Indeed, that is what appears, one presumes, in the Energy Act 2011, along with a new right, to be provided by 2016, for tenants to request energy improvements in their homes to be carried out by their landlords, perhaps through the new green deal arguments. It is a welcome step for tenants: action to deal with landlords who let cold homes, the prospect of a saving of as much as £400 a year on energy bills by comparison with the worst-rated properties, and, if tenants opt for it, an earlier right to ensure that the energy efficiency of their homes is improved. However, although welcome, that is only partly true.
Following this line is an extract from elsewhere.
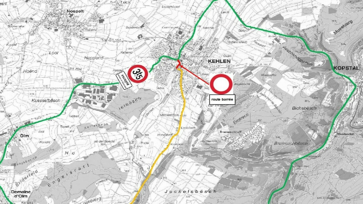 Traffic will be diverted via Olm. Vehicles over 3.5 tons traveling between Mamer and Quatre-Vents will be rerouted in both directions via Kopstal. Traffic from the Kehlen industrial zone (ZAE) will also need to follow the Olm–Mamer detour, as passing through Kehlen will not be possible.

In fact, the 2011 Act states that only tenants of whole houses are eligible to request landlords to improve their homes, and that only landlords of houses in which there is only one tenancy will have a duty to improve properties before letting them. As Members representing constituencies in many parts of the country will recognise, that means that rather a lot of tenants will be left out. They are tenants of houses in multiple occupation—those with homes in properties containing several lettings. Although the number of HMOs varies across the United Kingdom, that potentially applies to some 300,000 of the 3.4 million or so rented homes in the UK. Not all multiply occupied homes are excluded. Houses—student properties, where, typically, unrelated people live under one tenancy—will be covered by the legislation, but hundreds of thousands of other properties will not. Southampton has at least 7,000 houses in multiple occupation, perhaps half of which will be multiply let and therefore excluded from the ambition of getting tough on landlords with draughty homes, as set out under the Energy Act 2011. We will have the same landlords and the same draughty homes, with the new rights and requirements completely passing those tenants by.

I do not think that is right, not just because tenants in HMOs are more likely than most to be in fuel poverty yet will be paying more in bills than anyone else on this basis after 2018 or because much needed improvements in our housing stock will completely miss an important and known energy-inefficient housing sector, but because the new rights should be in place for all tenants, regardless of the exact nature of their tenancies. My Bill simply seeks to put those rights in place.

My Bill seeks to amend the 2011 Act in a straightforward way so that its detailed and welcome provisions extend to all tenancies and to all properties that are tenanted. It will mean that a tenant occupying part of a house with have the same right as one occupying a whole house to request those energy improvements. After 2018, the prospective tenant will have the same expectation of a reasonably warm and liveable property when they sign up to rent a floor of a house as when they sign up to rent the whole of a house. The Bill does not put a particular onus on landlords, who should be improving their homes in any case. They will still have available to them the landlord’s energy saving allowance, which is generally unrecognised—I hope it will be taken up more in the future—and which allows them to improve their properties.

I also do not think the Government should resist the Bill, because it is clear from the record of the proceedings of the Bill that became the 2011 Act that the Minister dealing with it—I see that the right hon. Member for Bexhill and Battle (Gregory Barker) is in his place again today—clearly believed that the legislation would cover all landlords and all rented properties. It would therefore be relatively easy to put my Bill on the statute books simply by not objecting to it as it proceeds and putting right a serious omission from the 2011 Act. I would have cause to thank the Government were that to happen, but, most important, so would the hundreds of thousands of tenants who would come in from the cold in their properties of the future.

Question put and agreed to.

Ordered,

That Dr Alan Whitehead, Joan Walley, Mr John Denham, Martin Horwood, Peter Aldous, Albert Owen, Ian Lavery and Yasmin Qureshi present the Bill.

Dr Alan Whitehead accordingly presented the Bill.

Bill read the First time; to be read a Second time on Friday 1 March, and to be printed (Bill 124).